Instructions for the task => Below are entries; copy exactly the lines from the one with "(таблиця 3) |" through the one with "El Instituto Provincial", both included, and leave out the rest.

Task material =>
────────

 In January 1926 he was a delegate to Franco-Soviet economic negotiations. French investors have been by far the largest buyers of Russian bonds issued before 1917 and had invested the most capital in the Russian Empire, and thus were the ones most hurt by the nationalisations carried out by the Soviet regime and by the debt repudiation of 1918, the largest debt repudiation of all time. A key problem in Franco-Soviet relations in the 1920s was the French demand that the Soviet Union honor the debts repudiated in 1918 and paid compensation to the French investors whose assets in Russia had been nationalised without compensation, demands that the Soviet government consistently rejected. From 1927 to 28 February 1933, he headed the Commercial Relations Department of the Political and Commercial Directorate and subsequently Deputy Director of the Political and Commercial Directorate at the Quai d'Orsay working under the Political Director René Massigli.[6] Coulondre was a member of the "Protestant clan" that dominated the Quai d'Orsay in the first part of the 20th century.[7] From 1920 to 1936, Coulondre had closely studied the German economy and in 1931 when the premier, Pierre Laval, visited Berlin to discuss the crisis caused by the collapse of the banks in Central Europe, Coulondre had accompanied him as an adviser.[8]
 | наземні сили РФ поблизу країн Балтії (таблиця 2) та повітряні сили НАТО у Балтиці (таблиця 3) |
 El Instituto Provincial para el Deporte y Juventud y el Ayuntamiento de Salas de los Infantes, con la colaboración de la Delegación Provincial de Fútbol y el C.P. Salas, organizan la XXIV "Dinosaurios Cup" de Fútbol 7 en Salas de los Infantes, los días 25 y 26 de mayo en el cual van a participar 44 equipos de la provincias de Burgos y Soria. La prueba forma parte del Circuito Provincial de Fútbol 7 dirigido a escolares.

────────

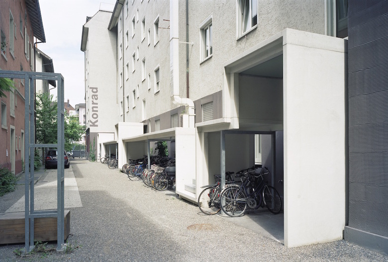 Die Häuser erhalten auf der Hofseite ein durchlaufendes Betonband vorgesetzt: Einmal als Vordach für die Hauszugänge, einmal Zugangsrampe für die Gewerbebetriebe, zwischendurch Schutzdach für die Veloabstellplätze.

────────

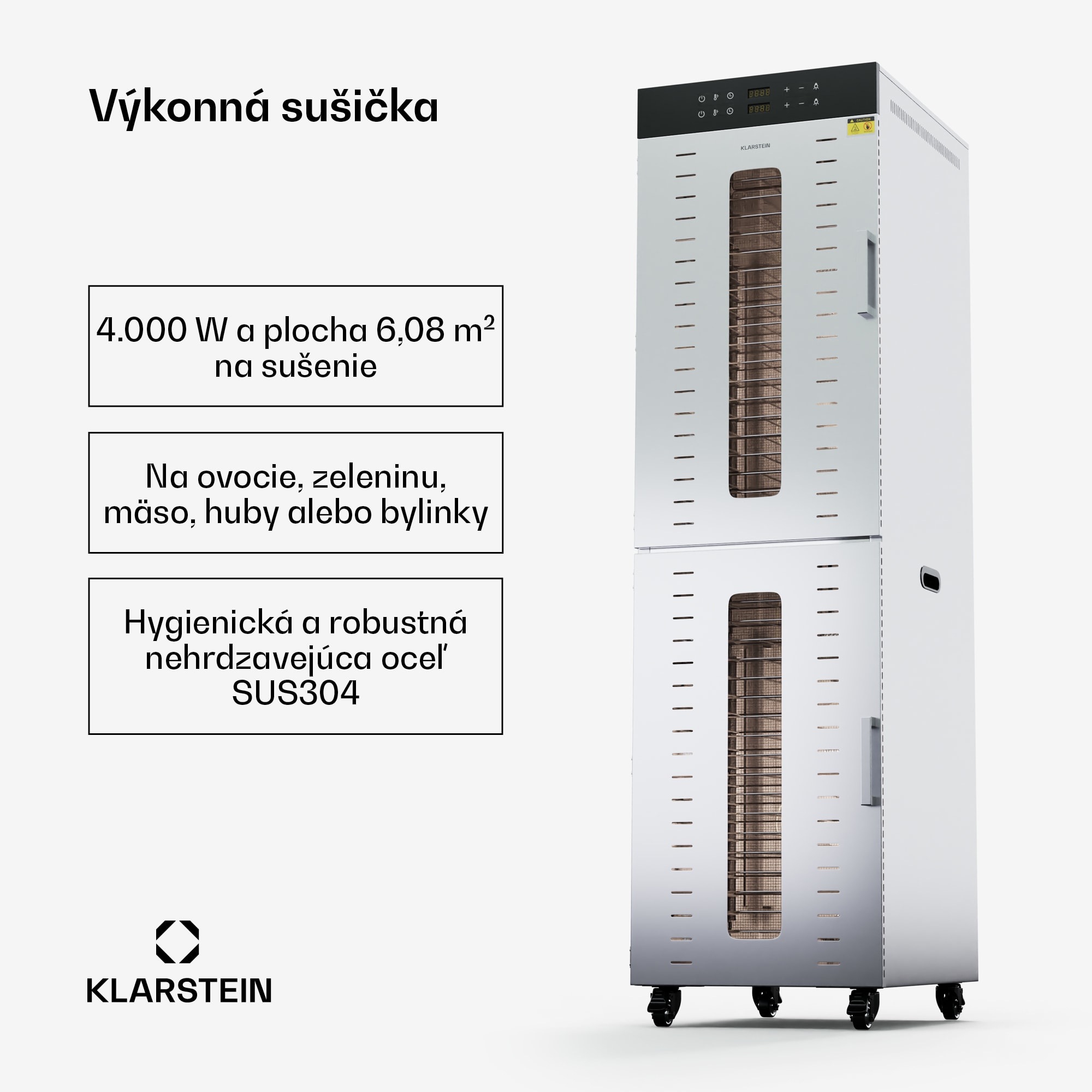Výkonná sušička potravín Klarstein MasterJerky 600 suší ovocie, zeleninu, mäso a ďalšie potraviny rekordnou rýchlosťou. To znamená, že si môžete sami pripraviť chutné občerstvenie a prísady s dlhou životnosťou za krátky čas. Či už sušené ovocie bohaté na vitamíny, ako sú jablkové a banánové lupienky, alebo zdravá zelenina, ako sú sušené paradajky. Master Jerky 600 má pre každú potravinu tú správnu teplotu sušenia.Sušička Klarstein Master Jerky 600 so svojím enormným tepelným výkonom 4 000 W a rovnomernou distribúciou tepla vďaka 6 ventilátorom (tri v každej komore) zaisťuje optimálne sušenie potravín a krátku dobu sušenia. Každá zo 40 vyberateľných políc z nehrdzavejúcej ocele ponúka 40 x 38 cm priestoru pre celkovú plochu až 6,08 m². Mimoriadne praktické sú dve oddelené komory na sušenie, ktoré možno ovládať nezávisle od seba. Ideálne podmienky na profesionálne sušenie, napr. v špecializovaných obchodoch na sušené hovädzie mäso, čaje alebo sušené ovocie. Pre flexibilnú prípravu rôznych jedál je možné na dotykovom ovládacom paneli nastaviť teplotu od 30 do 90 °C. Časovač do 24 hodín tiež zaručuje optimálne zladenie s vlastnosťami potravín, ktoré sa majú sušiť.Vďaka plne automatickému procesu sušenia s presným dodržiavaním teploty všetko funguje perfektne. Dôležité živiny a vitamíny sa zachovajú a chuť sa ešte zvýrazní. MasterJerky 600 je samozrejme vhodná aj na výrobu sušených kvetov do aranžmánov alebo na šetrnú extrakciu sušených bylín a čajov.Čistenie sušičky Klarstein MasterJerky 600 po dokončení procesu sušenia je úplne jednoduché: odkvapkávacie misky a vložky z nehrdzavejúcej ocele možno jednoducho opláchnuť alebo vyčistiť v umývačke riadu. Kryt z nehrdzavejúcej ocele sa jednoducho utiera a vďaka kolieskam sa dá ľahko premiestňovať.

────────

Answer space =>
 | наземні сили РФ поблизу країн Балтії (таблиця 2) та повітряні сили НАТО у Балтиці (таблиця 3) |
 El Instituto Provincial para el Deporte y Juventud y el Ayuntamiento de Salas de los Infantes, con la colaboración de la Delegación Provincial de Fútbol y el C.P. Salas, organizan la XXIV "Dinosaurios Cup" de Fútbol 7 en Salas de los Infantes, los días 25 y 26 de mayo en el cual van a participar 44 equipos de la provincias de Burgos y Soria. La prueba forma parte del Circuito Provincial de Fútbol 7 dirigido a escolares.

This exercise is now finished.